Movie Review: Walk the Line

Walk the Line, the new biopic about Johnny and June Carter Cash, is loaded with music, family drama, drug abuse, sentiment, comedy and tragedy. But it’s not about any of those things.

Talent, fame and riches didn’t protect country music’s best-known couple from the blows that afflict us all. Just like us, they seemed to spend their lives alternately rebelling against and trying to live up to their parents’ expectations. Director James Mangold’s depiction of the first half of Cash’s life and his relationship with June Carter is, first, about the security-blanket-cum-straitjacket of family. But most fundamentally it’s a story of the simultaneously confounding and uplifting, devastating and salvational power of love.

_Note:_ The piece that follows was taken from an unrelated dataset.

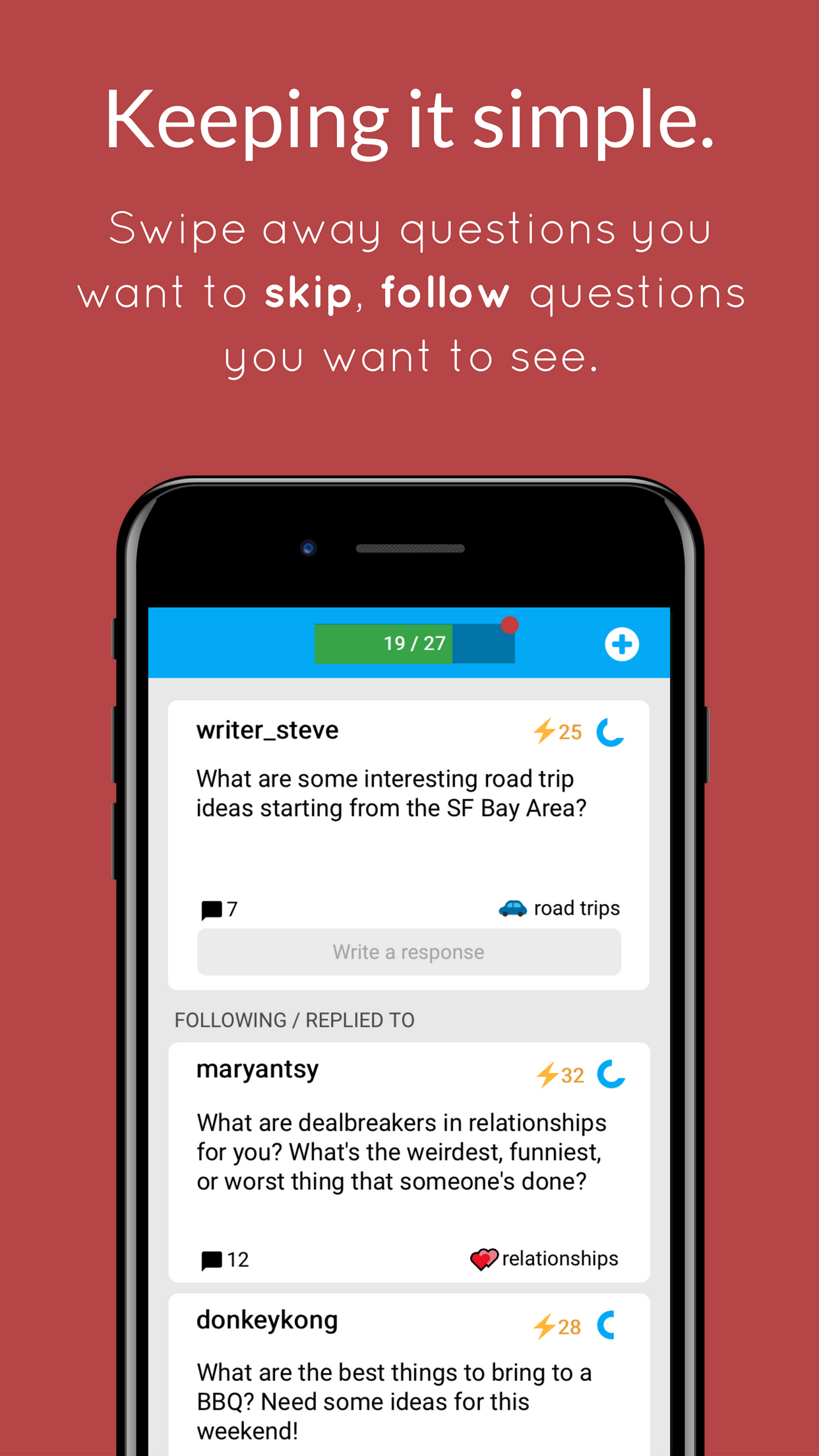 Sparks is a lightweight Q&A app that makes asking and answering questions simple and engaging! If you've ever sparked a conversation with someone at a hostel, a bar, or at school, you know that fascinating experiences are not always on the web. We want to bring that same feeling of discovery and joy to your mobile device. To do so, we are building a knowledgeable and vibrant community that is passionate about everything from startups to scuba diving. Sparks is currently invite-only but apply on our website, tell us what you are great at, and we will send you an invite as we scale.

As depicted here, the young Cash tries to be a good husband to his wife Vivian (the effective Ginnifer Goodwin making the best of a fairly thankless role) and daughters, but as his career takes off and he spends more time on the road his abuse of pills and alcohol turns him into an unpredictable, staggering jerk. Yet his friendship with June Carter, deepening as they tour together, turns gradually and inexorably into the true love which ultimately saves the volatile Cash from himself and the upright Carter from her unfulfilling marriages.

Joaquin Phoenix transforms with gusto first into the awkward young singer and thence into the fabled Man in Black whose common touch and unearthly deep voice made him the Everyman of American music. Though Phoenix pushes the mannerisms a little too far at times, he convinces us that he is the tortured soul who could, in the climactic scene, connect deeply with a crowd of prisoners at the famous 1968 Folsom Prison concert. Reese Witherspoon, in spite of looking a little too young and fresh towards the end, is miraculous as June Carter Cash, who gave as good as or better than she got, stuck by her friend in need, and just happened to write “Ring of Fire” along the way.

Especially notable in the excellent supporting cast are Robert Patrick as the senior Cash – a seething tower of repressed rage – Dallas Roberts as legendary producer Sam Phillips, and Ridge Canipe and Lucas Till as 12-year-old Johnny and his brother Jack. (It’s amazing how good child actors are these days.) T-Bone Burnett’s ghostly, Doors-like score knits the scenes together, the actors do a good job singing the classic songs, and Mangold’s directing style is to stay out of the way and let the taut script and good acting tell the story. And that’s what this is: nothing too fancy, just a damn good yarn. True, it’s about famous people, but their struggles illuminate our own. The songs which Johnny Cash and the Carter Family before him sang so plainly and richly did the same – and still do, if we take the time to listen. When it comes down to it it’s all about love – its presence, its absence, the troubles it makes for us and the rescues it alone can effect. Not just interesting, the story this movie tells so well might even serve as an inspiration to aspiring singers, songwriters, couples, and struggling human beings everywhere.